Table 5: P-values for Welch's Two Sample T-test
teeth length for each supplement and dose combination

VC vs OJ with 0.5 mg/dayVC vs OJ with 1.0 mg/dayVC vs OJ with 2.0 mg/day
P-value0.0063586070.0010383760.9638516

Similar to the confidence intervals for the means shown in Table 2, the p-values are very small (less than 0.05) for the dose combinations (Table 4). This shows that teeth length is positively correlated with dose amount. If we see the p-value for the supplment types in Table 4, since it is greater than 0.05, we can not reject the null hypothesis. But from Table 5, we observe that supplement type has significant impact on dose amounts 0.5 mg/day and 1.0 mg/day but not on 2.0 mg/day.

### Conclusions¶

In this analysis, basic statistical inference is used to investigate impacts of different doses of vitamin C (0.5, 1.0, and 2.0 mg/day) and supplements (Orange Juice and ascorbic acid ) on teeth length. Unequal variance Welch's Two Sample t-test is used for hypothesis test. Unequal variance is used because that is better and safer assumption when in doubt. Moreover, we assume that the populations are independent. The basic conclusion from this analysis are:

. Dose amount has significant impact on teeth length. As the dose increases, the teeth length increases.

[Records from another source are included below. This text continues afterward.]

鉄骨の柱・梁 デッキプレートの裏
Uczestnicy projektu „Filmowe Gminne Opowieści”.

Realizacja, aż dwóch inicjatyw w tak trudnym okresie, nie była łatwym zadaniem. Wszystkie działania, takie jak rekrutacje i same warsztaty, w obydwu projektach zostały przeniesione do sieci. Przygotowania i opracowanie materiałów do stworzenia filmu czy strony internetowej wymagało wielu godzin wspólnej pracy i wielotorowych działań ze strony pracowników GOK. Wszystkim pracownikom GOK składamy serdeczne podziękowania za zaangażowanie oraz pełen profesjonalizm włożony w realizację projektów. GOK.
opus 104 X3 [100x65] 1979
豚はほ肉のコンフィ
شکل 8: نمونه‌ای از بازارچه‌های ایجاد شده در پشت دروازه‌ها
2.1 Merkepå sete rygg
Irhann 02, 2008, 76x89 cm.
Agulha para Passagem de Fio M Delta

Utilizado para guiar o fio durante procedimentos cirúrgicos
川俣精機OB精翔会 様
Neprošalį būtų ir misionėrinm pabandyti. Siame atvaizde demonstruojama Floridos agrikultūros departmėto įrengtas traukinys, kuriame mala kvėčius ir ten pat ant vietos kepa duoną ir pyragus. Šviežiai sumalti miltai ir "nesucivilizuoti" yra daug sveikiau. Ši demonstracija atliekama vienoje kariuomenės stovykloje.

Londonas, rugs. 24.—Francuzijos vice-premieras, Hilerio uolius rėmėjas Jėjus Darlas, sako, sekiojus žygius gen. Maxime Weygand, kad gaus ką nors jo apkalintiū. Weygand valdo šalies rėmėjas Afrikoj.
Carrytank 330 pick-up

. The true difference of the means of teeth length for the two suppments is not significantly different from zero at the 95% confidence level.

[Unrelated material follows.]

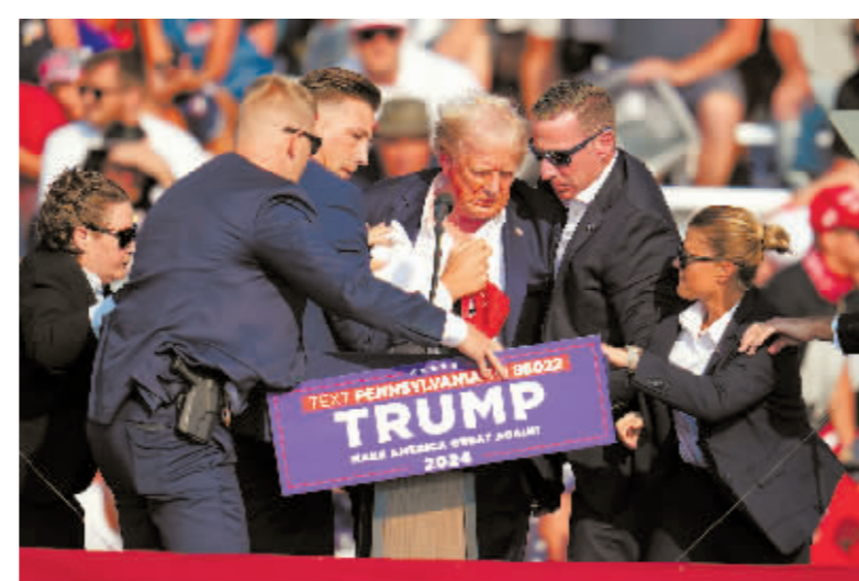
7月13日,美国前总统特朗普在宾夕法尼亚州巴特勒市的竞选集会现场被护送离开。

特朗普遇刺事件调查目前由联邦调查局牵头。奇特尔在听证会上仅披露部分调查发现——克鲁克斯似乎独自行动;调查人员发现他身上有引爆装置,正追查是否有人指导他制造爆炸物。按路透社说

. The Supplement type has significant impact on teeth length for doses of 0.5 and 1.0 mg/day. With doses of 0.5, and 1.0 mg/day, the length of teeth with supplment Orange Juice is significantly longer than the teeth length with ascorbic acid supplement.

. However, with dose of 2.0 mg/day, the true means of teeth length with both supplemnets are not significantly different from each other, that is as the p-value is above the critical value, we do do not reject the null hypothesis, which states that the difference of the true means is zero.